Records excerpted from a collection:

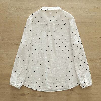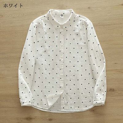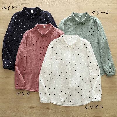 シャツ レディース 綿100 ドット柄 ガーゼ ダブルガーゼ ブラウス テールカット 折襟 トップス 長袖 ボタン付き 折り襟 カットソー 長袖シャツ レギュラーカラー チュニック 前開き 体型カバー
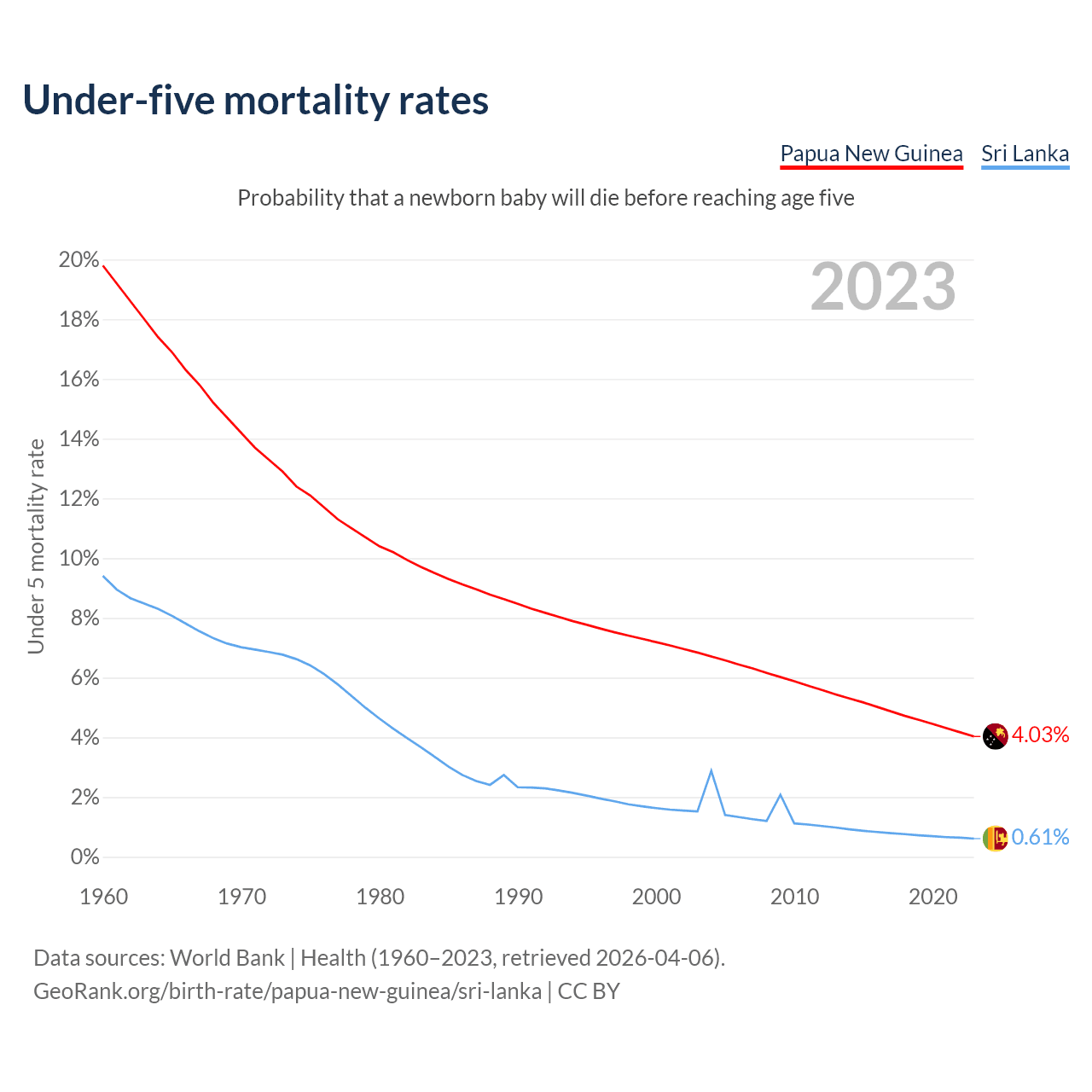 The chance that a newborn baby will die before reaching age five is 4.03% in Papua New Guinea and 0.61% in Sri Lanka. Above is a chart with historical data on under-five mortality rates.
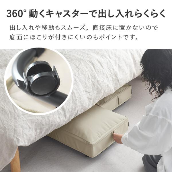 そこで誕生したのが、こちらの「ベッド下収納ケース」。360°動くキャスターつきでスイーッと自由に動かすことができます。これなら出し入れも移動もらくらく、お掃除の手間もかかりません。
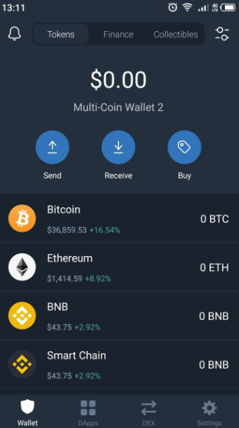 7.点击Trust Wallet中的币安币。
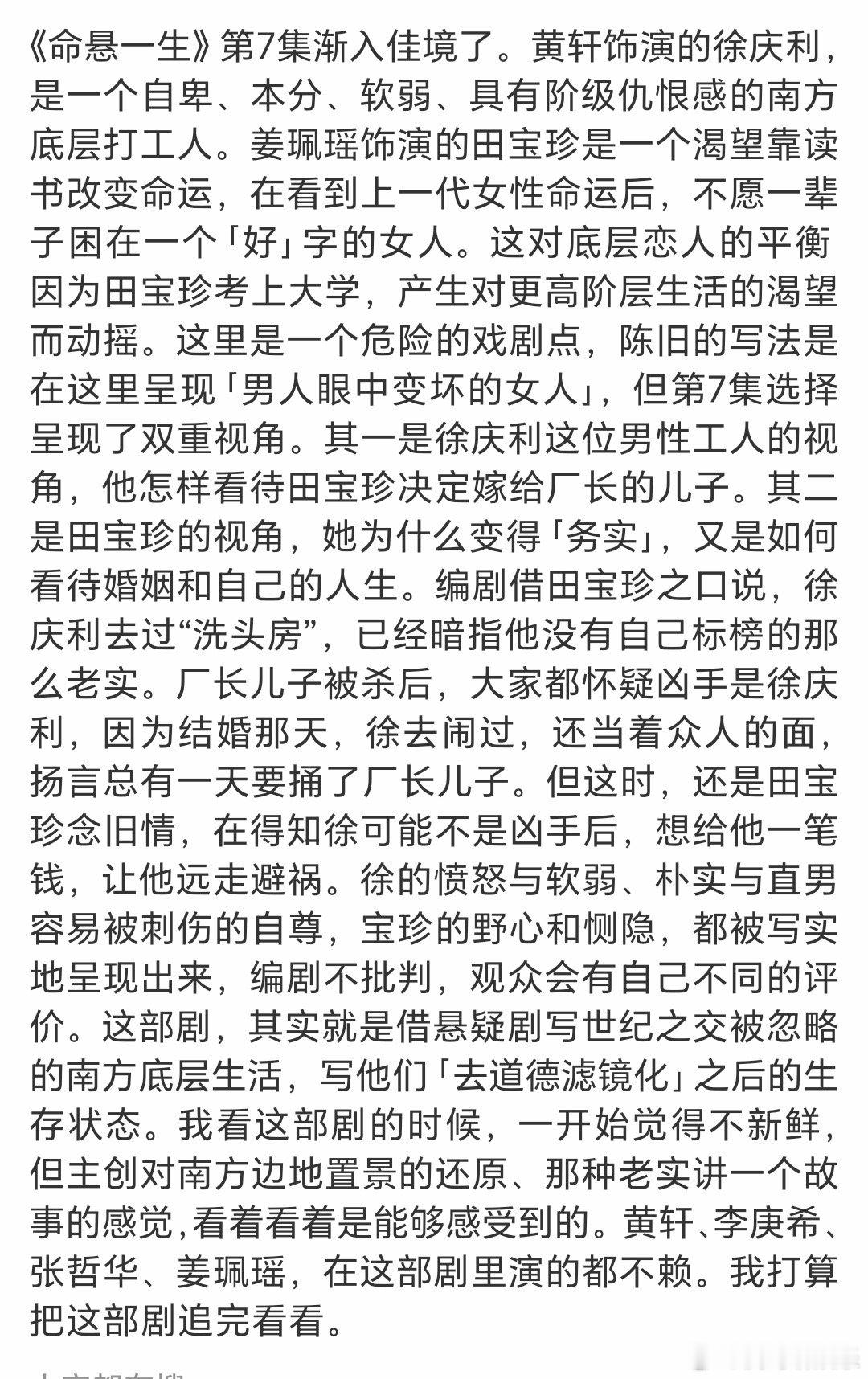 命悬一生第7集8分43秒电视剧命悬一生 谁懂啊?田宝珍和吴细妹的这一眼对视,包含了太多东西!彼时一个还在质问徐庆利要什么,一个已依赖混混,而发廊的线索早已埋下,太会了! ​​​

What needs to be done:
Each line above from the one containing "The chance that" through the one containing "7.点击Trust Wallet中的币安币。" is to be returned verbatim. Nothing else, and no pictures.

Reply:
 The chance that a newborn baby will die before reaching age five is 4.03% in Papua New Guinea and 0.61% in Sri Lanka. Above is a chart with historical data on under-five mortality rates.
 そこで誕生したのが、こちらの「ベッド下収納ケース」。360°動くキャスターつきでスイーッと自由に動かすことができます。これなら出し入れも移動もらくらく、お掃除の手間もかかりません。
 7.点击Trust Wallet中的币安币。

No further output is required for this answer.